Hyougen turned his head and saw Aliahe looking at him from the doorway. She knew what he was thinking—she always did. He felt helpless, and a moment passed where he thought he would just march down to that shore and beg the Dageians to spare his family, at least. He would do anything to hold on that moment in that room, basking in the warm breeze and orange glow of the sunlight, with the three of them alive and a touch away from each other—anything. A coward’s thought, and he killed it as soon as it passed, but it left his knees shaking all the same.”
K.S. Villoso, Aina's Breath
“Like children learning to swim, we think we drown in sorrow,
only to awaken on the shore to tempt the tides again.”
K.S. Villoso, Sapphire's Flight
“I wish I could tell you this was the first time I woke up tied to a bed,” Enosh said.”
K.S. Villoso, Sapphire's Flight
“I am shocked,” Enosh said, “that you would dare suggest that someone out there wants to hurt me.”
K.S. Villoso, Sapphire's Flight
“You don’t find me handsome, Sapphire?”

“Because heavens forbid we talk about anything but you, your charisma, or your women when we’re passing time.”
K.S. Villoso, Sapphire's Flight
“Hearing stories about Goran alon gar Kaggawa over the past few years had given Sume the impression that he was a charming, likable man, always full of humour and energy. Perhaps she even recalled it, in a memory that overlapped her brother Oji’s, because they had been similar in many ways.
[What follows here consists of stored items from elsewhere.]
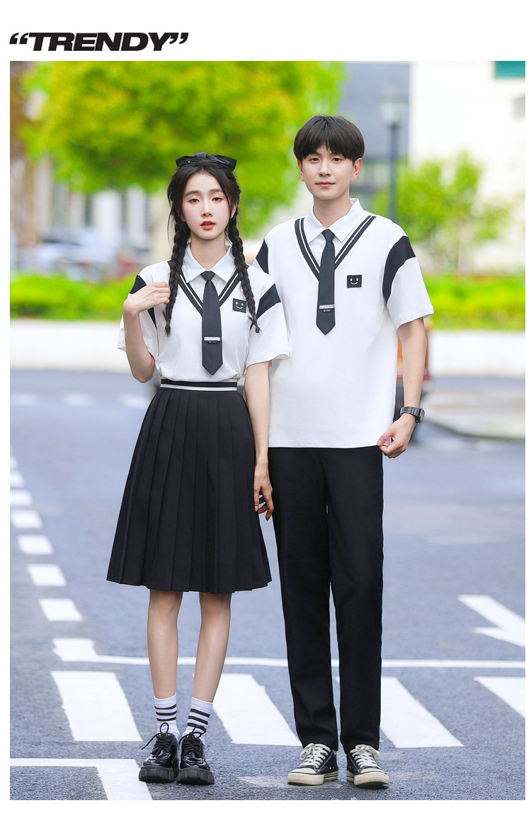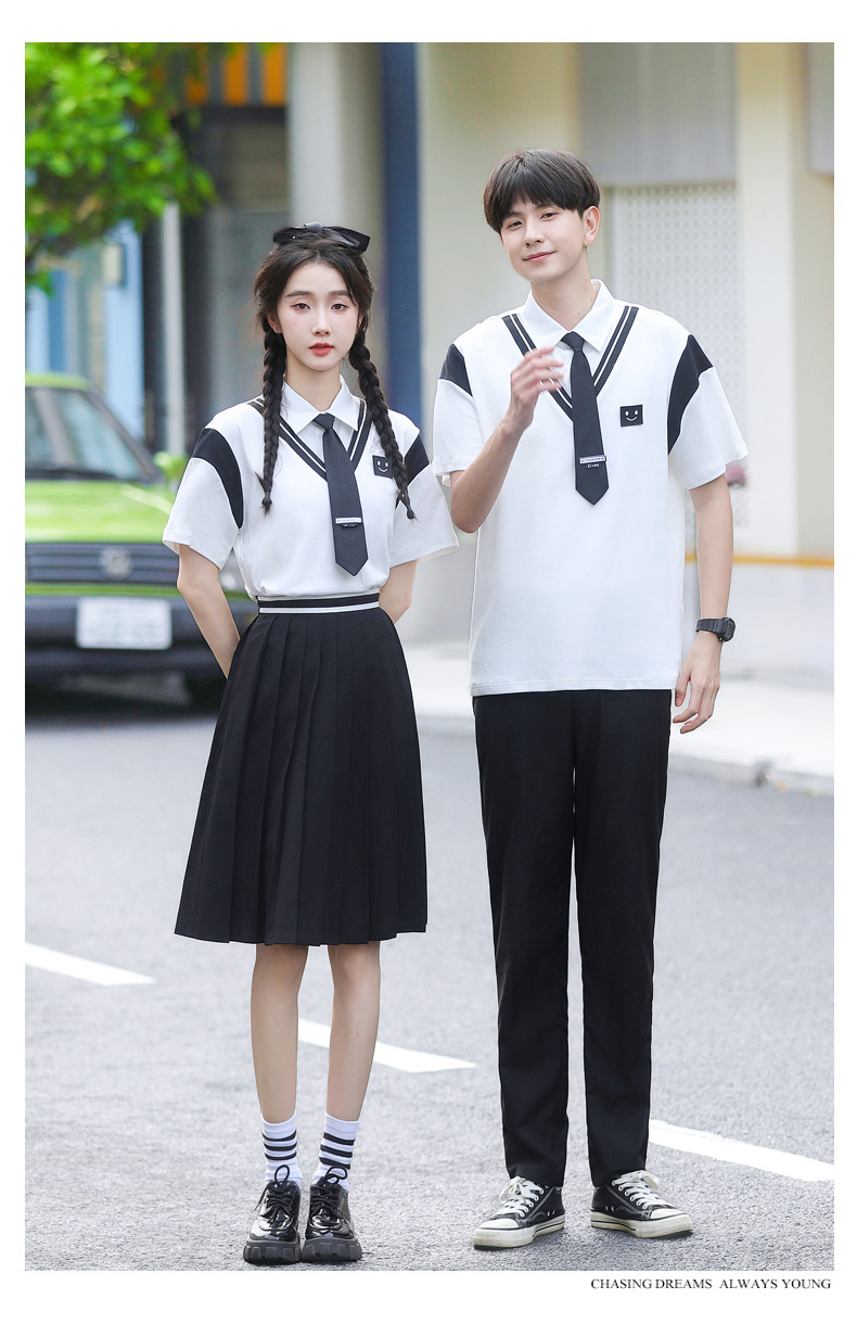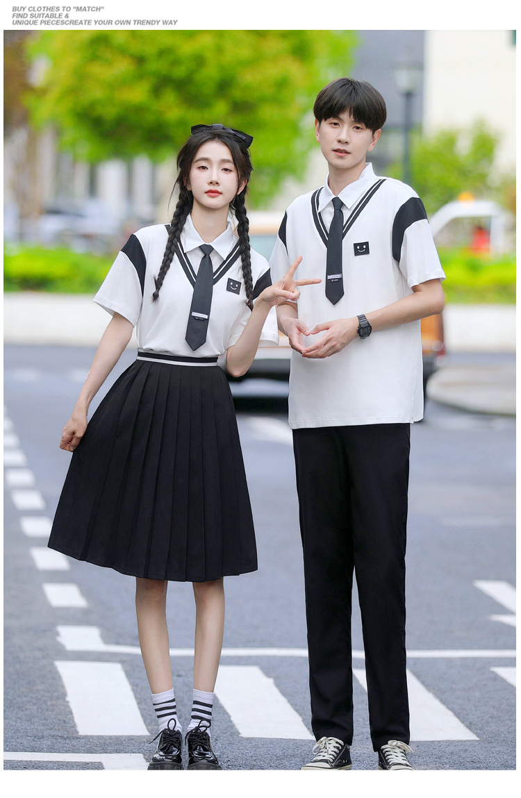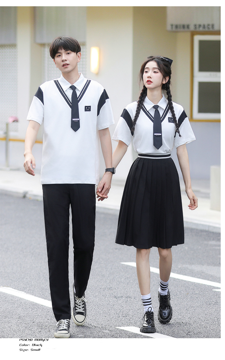 대학 스타일 커플 세트 여름 2024 졸업 시즌 고등학생 클래스 옷 바느질 영국 디자인 스커트 세트스토어 가기
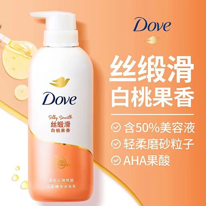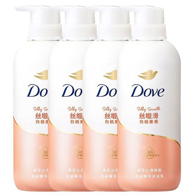 多芬/Dove 白桃果香丝缎滑沐浴乳500g*4瓶 保湿滋润云朵精华沐浴乳透亮保湿沐浴露泡沫绵软舒适温和洁净沐浴液
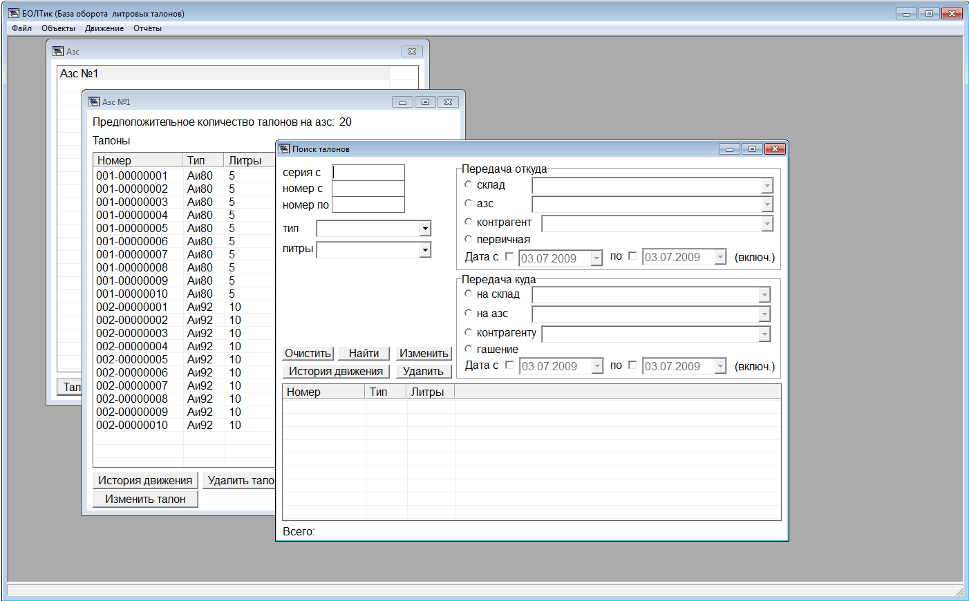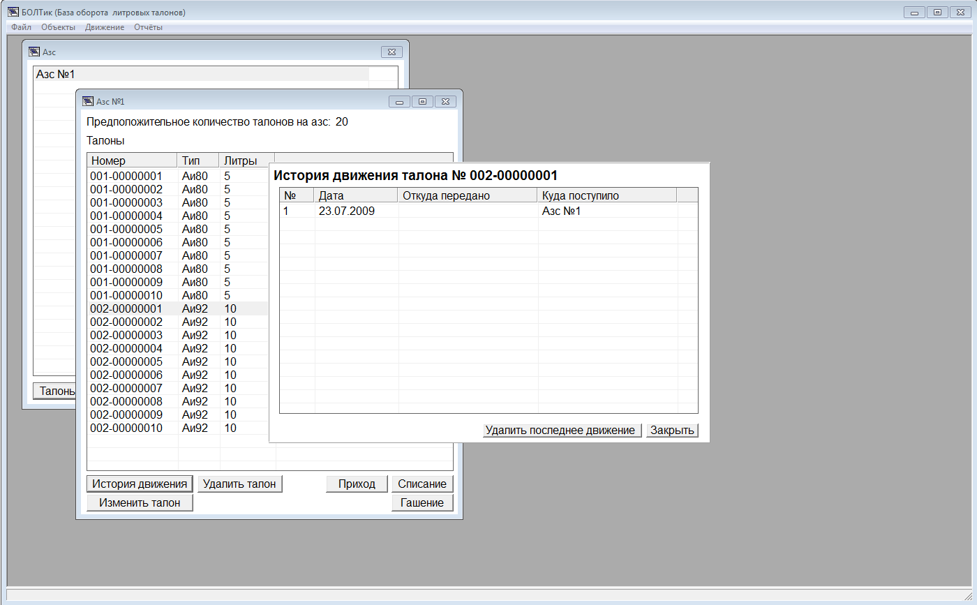 Программа учета оборота талонов на бензин и дизельное топливо
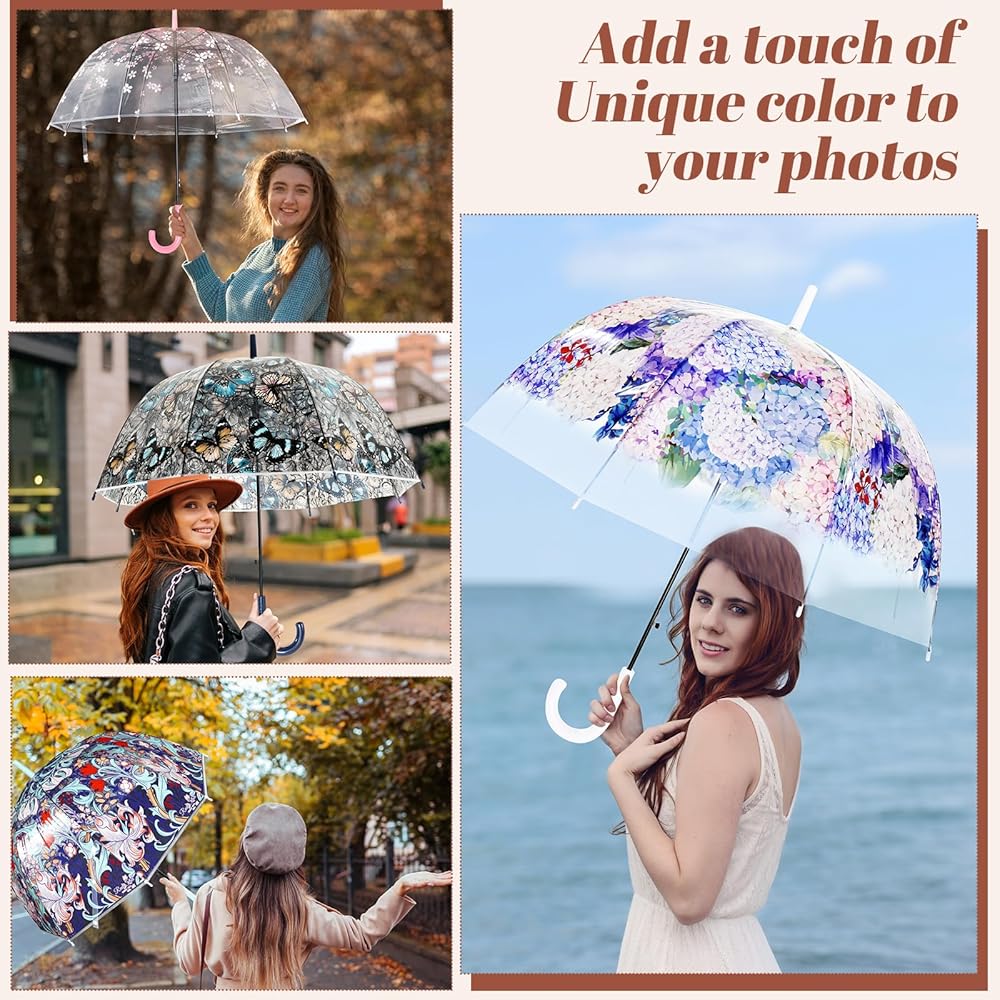 Our clear bubble umbrella's distinguished feature is its clear plastic material that provides you an unobstructed view of the picturesque outdoors, even when it's raining cats and dogs. Stand out from the drab with our vividly colored umbrella designs.
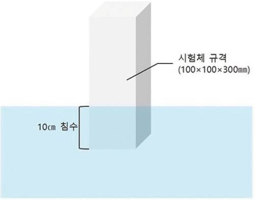 여기서 그치지 않고 5분 만에 이렇게 젖었다고 우려할 예비건축주들을 위해 물흡수 시험도 진행했다. 100×100×300 일반 ALC블록 시험체를 10cm를 침수시켜 2시간부터 21일까지 그 흡수량을 지켜본 결과는 아래 <표1>과 같다. 이렇듯 낮은 흡수율을 보이는 ALC블록은 일반제품보다 흡수율이 훨씬 낮은 방수제품으로 사용할 시 벽체의 첫 단이나 지하층, 화장실 벽체 등에도 훌륭하게 적용할 수 있다. 그렇지만 완전한 방수 자재가 아니므로 일반적으로 방수가 필요한 부분에 적용했다면 동일하게 방수공사는 진행해야하며 미적효과와 표면오염을 방지하기 위해서라도 마감 작업을 반드시 진행해야 한다.
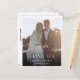 This is an elegant but budget friendly photo wedding thank you card using a stylish font, two simple photos and minimalist layout for a timeless and classic thank you card. This thank you card is printed on a paper sheet.
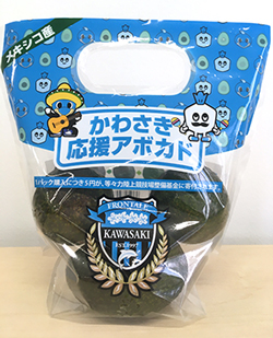 川崎フロンターレのクラブパートナーである「株式会社ドール」協力のもと、地元川崎の青果卸会社である東一川崎中央青果が、バナナ・アボカドの販売を通してクラブ支援と川崎市の活性化を考え、川崎市内を中心とした量販店にて展開中の「かわさき応援バナナ」と「かわさき応援アボカド」。
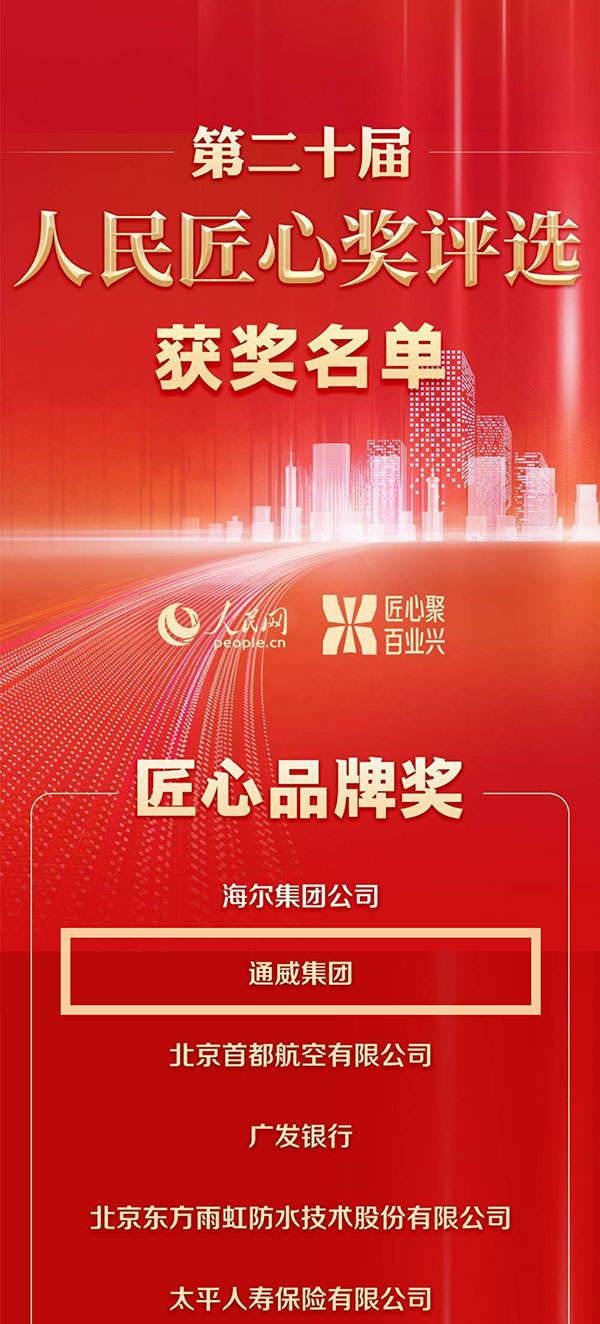 作為論壇重磅活動之一,“第二十屆人民匠心獎”獲獎名單揭曉。第二十屆人民匠心獎評選活動從2023年10月正式啟動,征集了2023年度各行業、各領域優質的產品、技術、服務與解決方案,經“報名征集”“案例初評”“網絡投票”“專家評審”“社會公示”等環節,最終評選出人民匠心飛躍獎、人民匠心服務獎、人民匠心技術獎、人民匠心產品獎、人民匠心品牌獎五大獎項。通威集團憑借強勁的發展實力和品牌影響力榮膺“匠心品牌獎”。
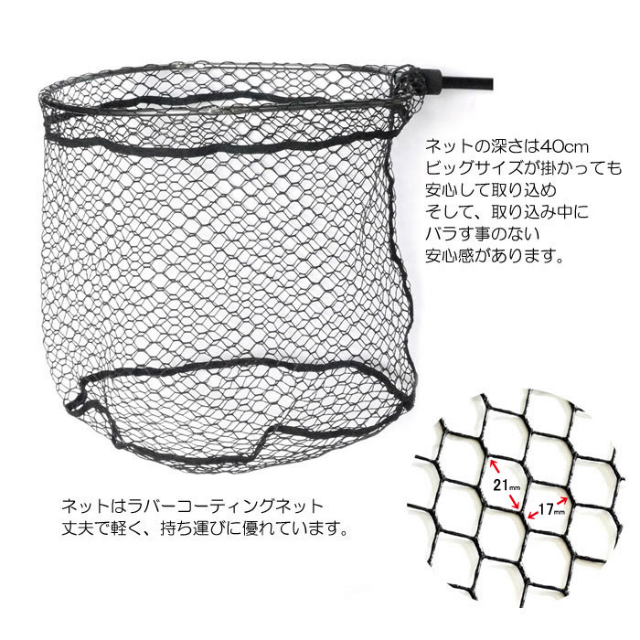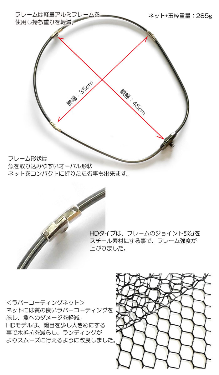 HOOTERS/フーターズLANDING NET / ランディングネット たも網 ◆HOOTERSランディングネット280HD用 たも網です。2018モデルよりHD仕様となりフレームのジョイント部分がスチール素材となり丈夫になりました。 ラバーコーティングされたネット素材なので魚へのダメージも少なく、持ち重りも軽減されています。また、四つ折り枠で、コンパクトに収納でき、携帯にも便利ですフーターズのランディングネット用の玉網ですが、他の標準的な12mmの刺し口の玉の柄にも取り付け可能です。 ※ただし、2018年モデル以前のHOOTERSランディングネット280にはねじピッチが異なるため取付できません。 ●枠形状:オーバル●枠素材:アルミ●枠サイズ:45×35cm(パイプ径8mm)●ネット深さ:40cm PVC&ラバーコーティング●重量:285gバス、シーバス、フラットフィッシュ、青物、トラウト、アオリイカなどに適しています。※本製品は網と枠のみです。玉の柄は付属しておりません。
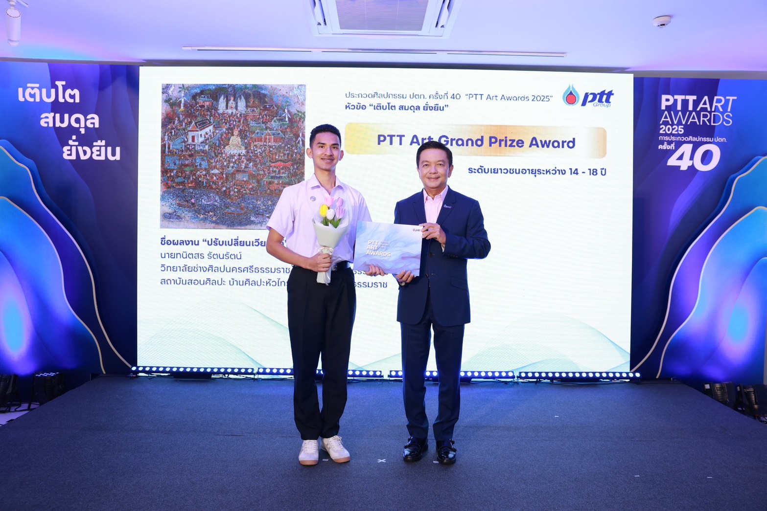 8 ต.ค. 2568 00:00นายคงกระพัน อินทรแจ้ง ประธานเจ้าหน้าที่บริหารและกรรมการผู้จัดการใหญ่ บริษัท ปตท.จำกัด (มหาชน) (ปตท.) เป็นประธานในพิธีมอบรางวัลแก่ผู้ชนะการประกวดศิลปกรรม ปตท. ครั้งที่ 40 “PTT Art Awards” จำนวน 40 รางวัล จากการคัดเลือกและตัดสินโดยคณะกรรมการผู้ทรงคุณวุฒิด้านศิลปะในแขนงต่างๆ ซึ่งในปีนี้ มีศิลปินสนใจร่วมส่งผลงานเข้าประกวดในประเภทจิตรกรรม ประติมากรรม ภาพพิมพ์ สื่อผสม ดิจิทัลอาร์ต 2 มิติ และทัศนศิลป์อื่นๆ รวมกันจำนวนมากกว่า 900 ชิ้น

But mostly, she only remembered Goro the town drunk, the washed-up merchant, the man who couldn’t even be trusted to buy a sack of rice without wasting it on wine along the way. She remembered waking up in the middle of a night to the neighbour’s dog barking, which always meant that—for that night, at least—her father had managed to find his way back home. She would open the front door to find him vomiting in the garden or passed out by the steps. Because Hana would scold the old man if she woke her up to help, she always brought him in herself, heating up water to wash his face with.

Goro, if he woke up during these ministrations, would begin crying. He never told her the reason—he never spoke much in the years after her mother’s death—but even as a child, she could guess why. People find strength, or they break. There is enough room in a lifetime for both.”
K.S. Villoso, Sapphire's Flight
“I don’t know what I’m supposed to do. I know that I’m supposed to stand here and bear it all, that there are more important things to worry about. We hear stories about heroes of old and tell ourselves that we can be like that, too, brave and daring and impervious, only that’s not how it works, you see? Not all of us can be so selfless or so strong.”